* [WORK REQUIRED]: Exact copies of all the lines below are wanted, without a single picture.

---- PROVIDED MATERIAL

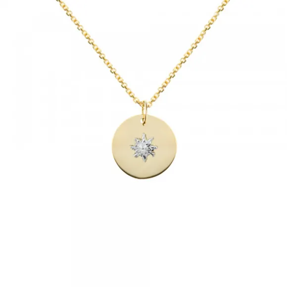 Medalla redonda de Oro Amarillo reciclado (750mm-18kt.) con motivo Eguzkilore en la parte de abajo de Oro Blanco de 18kt. Posibilidad de grabar un nombre corto o fecha en la parte trasera. Diámetro de la medalla: 12mm. Medidas de la reasa: alto 5mm y ancho 1mm. Una vez realizada la grabación, no se admite devolución.* Cadena no incluida.
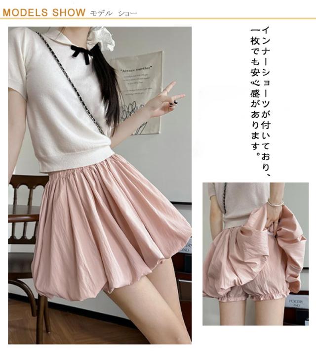 ショートパンツ ミニスカート バルーンパンツ ミニ スカート スカート ウエストゴム スカーチョ カジュアル ボトムス おしゃれ 可愛い
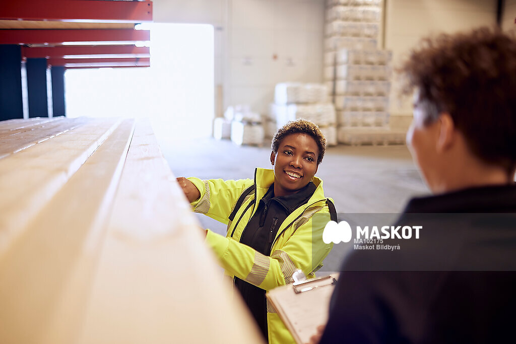 Leende kvinna i arbetskläder pratar med kollega vid plankor
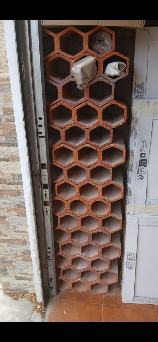 Detalles del productoSe venden ladrillos para botellero, ideal para almacenar botellas vinos. Se venden 15 unidades, cada una tiene 3 huecos. Solo las piezas hexagonales, lo que se ve en la primera fotografía. Material cerámico. Se encuentran en buen estado.
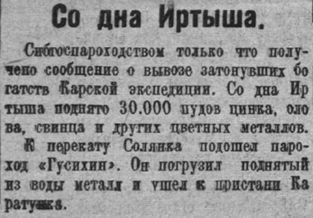 Сибгоспароходством только что получено сообщение о вывозе затонувши богатств Карской экспедиции. Со дна Иртьша поднято 30.000 пудов цинка, олова, свинца и других цветных металлов.
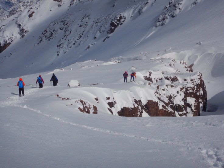 We’d been told to tell Paul or Pete, our mountain leaders, if we had any symptoms of acute mountain sickness so I told Paul. We dressed and went down stairs, then looked at my symptoms against a scoring system that showed I had a mild to moderate dose of the condition. We decided I’d stay put and take some more painkillers and try and stay hydrated while the others had breakfast and went out to practise some winter skills. I was worried that I wouldn’t be able to climb Toubkal if I hadn’t practised my ice axe arrest but was told not to worry about that. Pete would come back at lunchtime to see how I was and we could maybe do that in the afternoon.
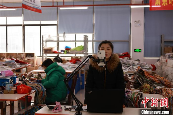 圖為一名主播在十字繡生產(chǎn)線上直播產(chǎn)品
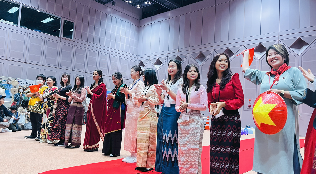 KIA フェスティバルでのミャンマー展示ブース。学生たちが伝統衣装を着て、文化や観光地を紹介し、国際交流を深めました。
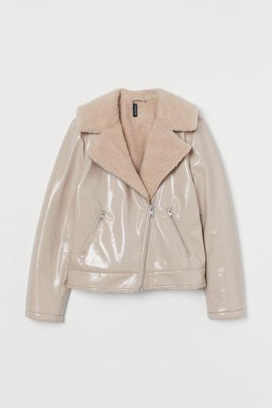 Байкерская куртка из искусственной лаковой кожи с подкладкой из искусственной овчины. Прорезные лацканы, диагональная молния спереди и боковые карманы на молнии.
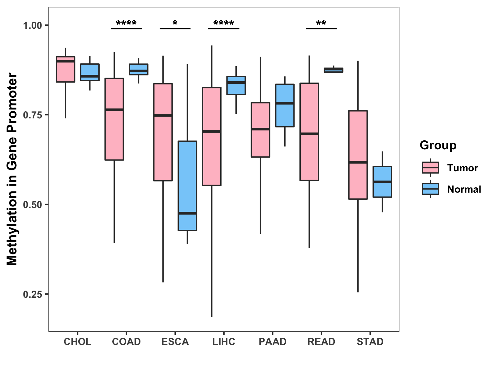 Boxplot of All Gastrointestinal Cancer ( * : 0.01-0.05 , ** : 0.005-0.01 , *** : 0.0001-0.005 , **** : < 0.0001 ) |
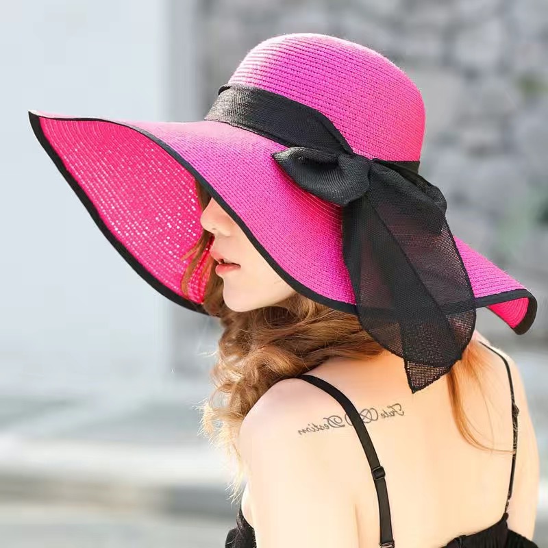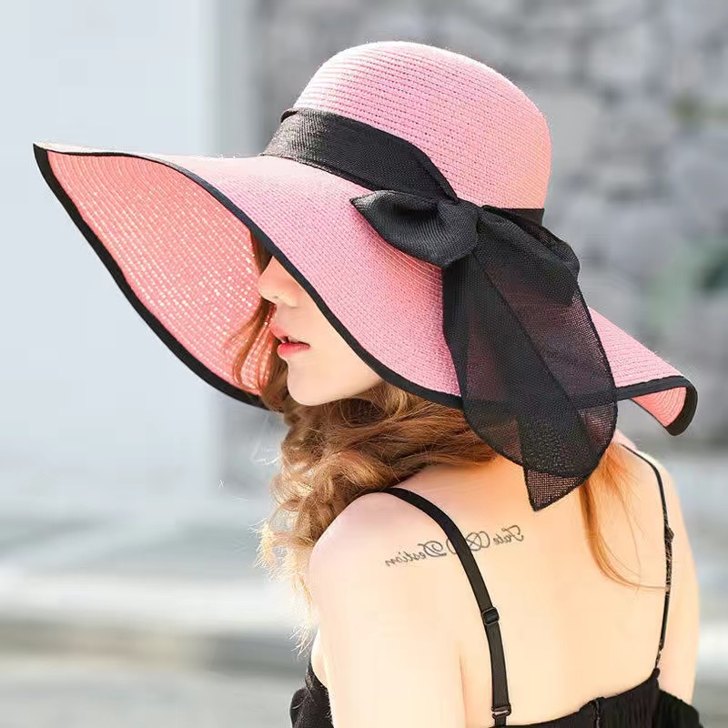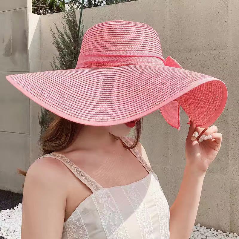 帽子女百搭骑车蝴蝶结草帽女户外防晒遮阳帽网纱时尚太阳帽空顶帽

--------

* [SOLUTION FOR THIS TASK]:
 Medalla redonda de Oro Amarillo reciclado (750mm-18kt.) con motivo Eguzkilore en la parte de abajo de Oro Blanco de 18kt. Posibilidad de grabar un nombre corto o fecha en la parte trasera. Diámetro de la medalla: 12mm. Medidas de la reasa: alto 5mm y ancho 1mm. Una vez realizada la grabación, no se admite devolución.* Cadena no incluida.
 ショートパンツ ミニスカート バルーンパンツ ミニ スカート スカート ウエストゴム スカーチョ カジュアル ボトムス おしゃれ 可愛い
 Leende kvinna i arbetskläder pratar med kollega vid plankor
 Detalles del productoSe venden ladrillos para botellero, ideal para almacenar botellas vinos. Se venden 15 unidades, cada una tiene 3 huecos. Solo las piezas hexagonales, lo que se ve en la primera fotografía. Material cerámico. Se encuentran en buen estado.
 Сибгоспароходством только что получено сообщение о вывозе затонувши богатств Карской экспедиции. Со дна Иртьша поднято 30.000 пудов цинка, олова, свинца и других цветных металлов.
 We’d been told to tell Paul or Pete, our mountain leaders, if we had any symptoms of acute mountain sickness so I told Paul. We dressed and went down stairs, then looked at my symptoms against a scoring system that showed I had a mild to moderate dose of the condition. We decided I’d stay put and take some more painkillers and try and stay hydrated while the others had breakfast and went out to practise some winter skills. I was worried that I wouldn’t be able to climb Toubkal if I hadn’t practised my ice axe arrest but was told not to worry about that. Pete would come back at lunchtime to see how I was and we could maybe do that in the afternoon.
 圖為一名主播在十字繡生產(chǎn)線上直播產(chǎn)品
 KIA フェスティバルでのミャンマー展示ブース。学生たちが伝統衣装を着て、文化や観光地を紹介し、国際交流を深めました。
 Байкерская куртка из искусственной лаковой кожи с подкладкой из искусственной овчины. Прорезные лацканы, диагональная молния спереди и боковые карманы на молнии.
 Boxplot of All Gastrointestinal Cancer ( * : 0.01-0.05 , ** : 0.005-0.01 , *** : 0.0001-0.005 , **** : < 0.0001 ) |
 帽子女百搭骑车蝴蝶结草帽女户外防晒遮阳帽网纱时尚太阳帽空顶帽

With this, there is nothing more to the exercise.